But the 3rd question I mean if encountered URE
when converting a single HDD to RAID 1 array by add another new disk, or replacing a
failure disk in a RAID 1/10 array, there's no redundancy to correct the error. Will it
complete the mirror/re-mirror progress with error data? OR stop the progress like RAID 5
recontruction?
- With a single disk, an unrecoverable error is just that -
it can't be done and it is reported to the filesystem and subsequently to the
application trying to read a file. Generally, it is preferred to get an explicit error
instead of unreliable data. - Writing to an unreadable
sector will either fix the physical sector (for a soft error when e.g. writing was
interrupted by power loss) or the drive will map the logical sector to one of its spare
pool. This happens at the discretion of the drive and isn't usually user/driver
selectable. - The RAID controller will most likely repair
the sector - either from the mirror or by rebuilding the data from the redundancy set.

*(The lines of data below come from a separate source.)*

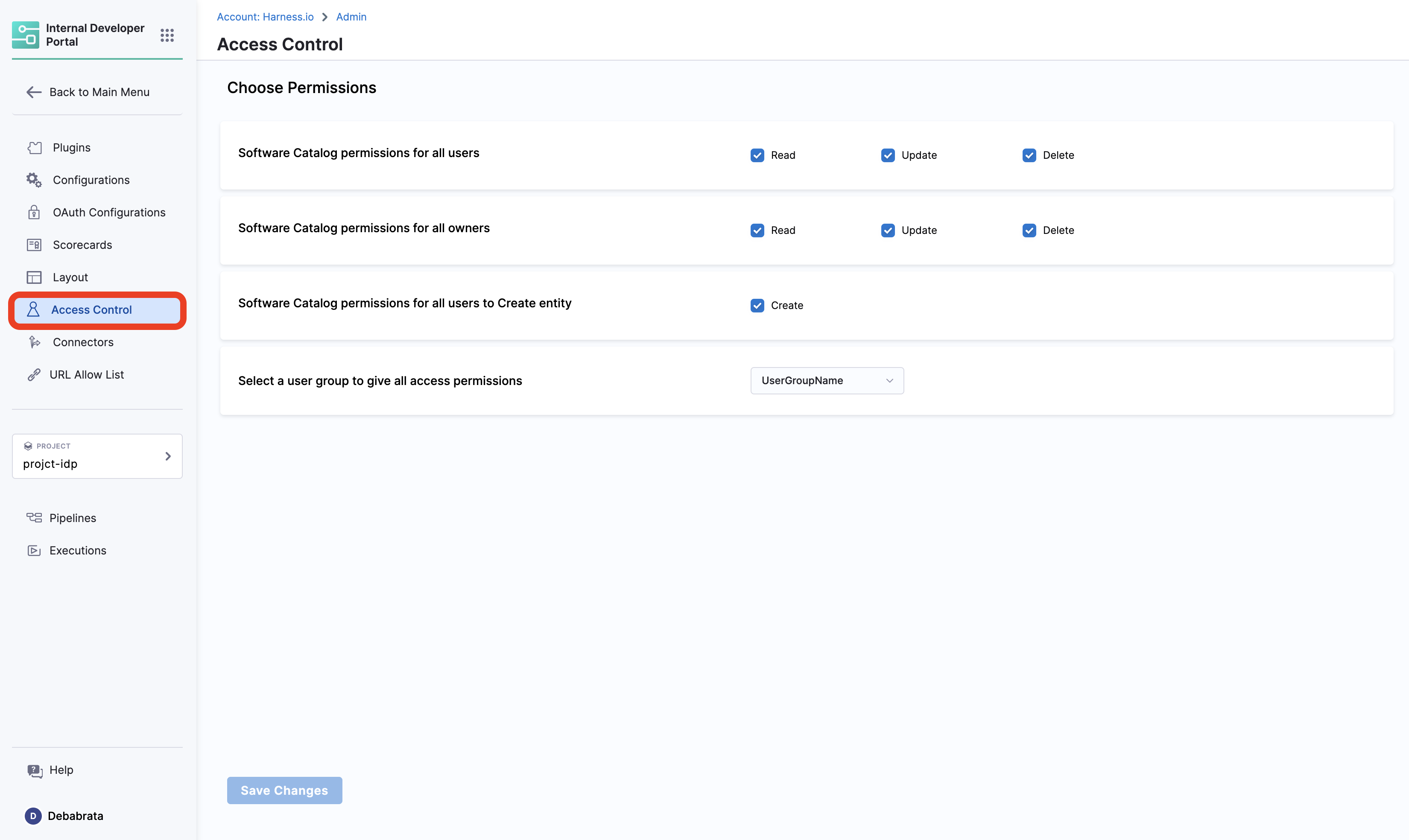 To learn more about the entities, permissions, and different scopes we've introduced with IDP 2.0, please refer to the Data Model here. To learn more about configuring Harness RBAC, visit Configure RBAC in Harness.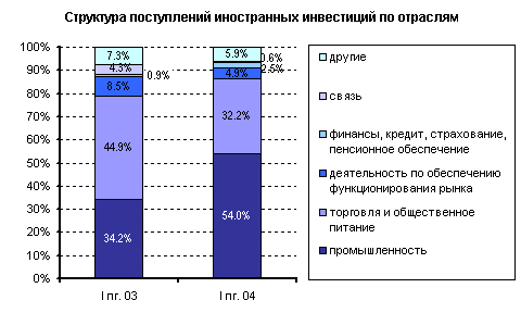 В отраслевой структуре поступлений иностранных инвестиций до 54% от общего объема инвестиций выросла доля промышленности. Всего за данный период в промышленный сектор поступило $10,25 млрд. инвестиций, что в 2,4 раза больше чем в I полугодии 2003 г. При этом объем инвестиций в топливный сектор вырос более чем в 5 раз (!), в результате чего его доля в поступлениях инвестиций в промышленность выросла с до 52% с 24,3%.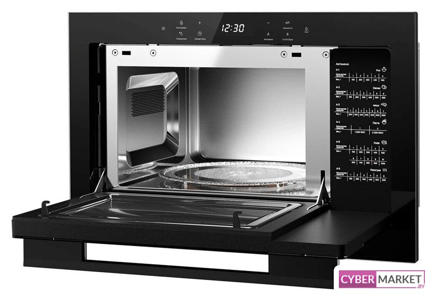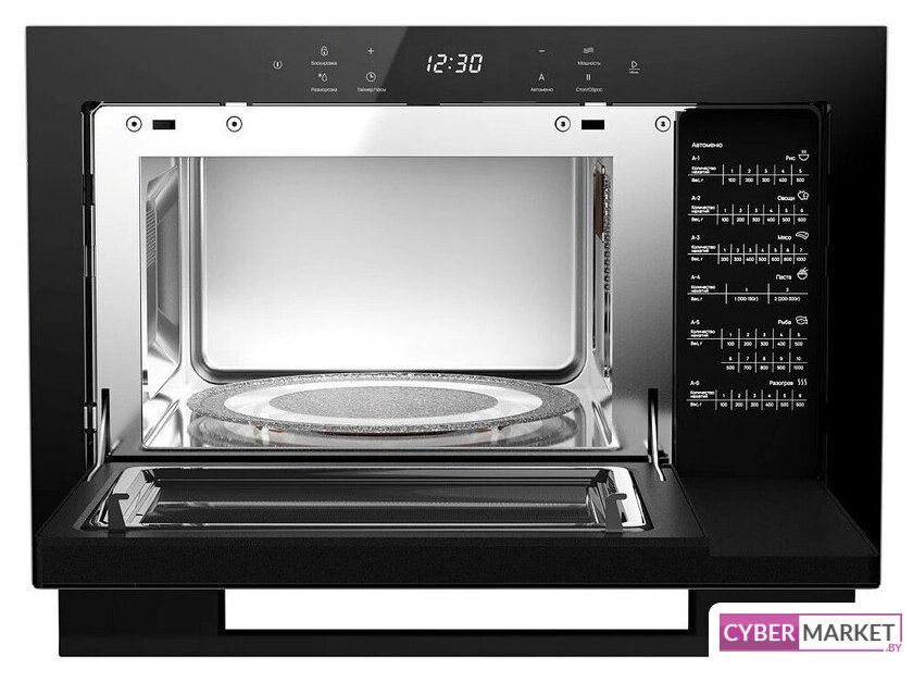 встраиваемая, микроволны и гриль, объем 23 л, выходная мощность микроволн 900 Вт, управление электронное, автоприготовление, авторазмораживание, цвет черный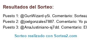 - Ganador 1: @GunWizard-y5i. Comentario: Sorteazoooo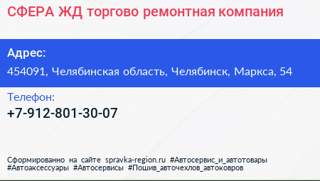 СФЕРА ЖД, торгово-ремонтная компания по адресу 454091, Челябинская область, Челябинск, Маркса, 54 в дальнейшем Организация, размещена в следующих категориях:

When during a mirror or rebuild a(nother) read error prevents this repair, the error
sticks and the array is bad. Some RAID sets can repair multiple errors (RAID 6 or some
nested RAIDs) but once errors pile up you're out of
luck.
It's important to
make sure errors don't pile up on rarely used sectors - they can become uncorrectable
errors when sectors are left unread for months or even years. So, make sure you enable
data scrubbing, media patrol, patrol read or whatever it's called on your hardware to
check all data on a regular basis. That way, you ensure a rebuild works when you need
it.
Some people report that during a rebuild,
additional drives start to fail because of the stress but I've found this to be a myth.
The drives just stumble on stale, accumulated errors. You can stress even very old
drives for days without any problems.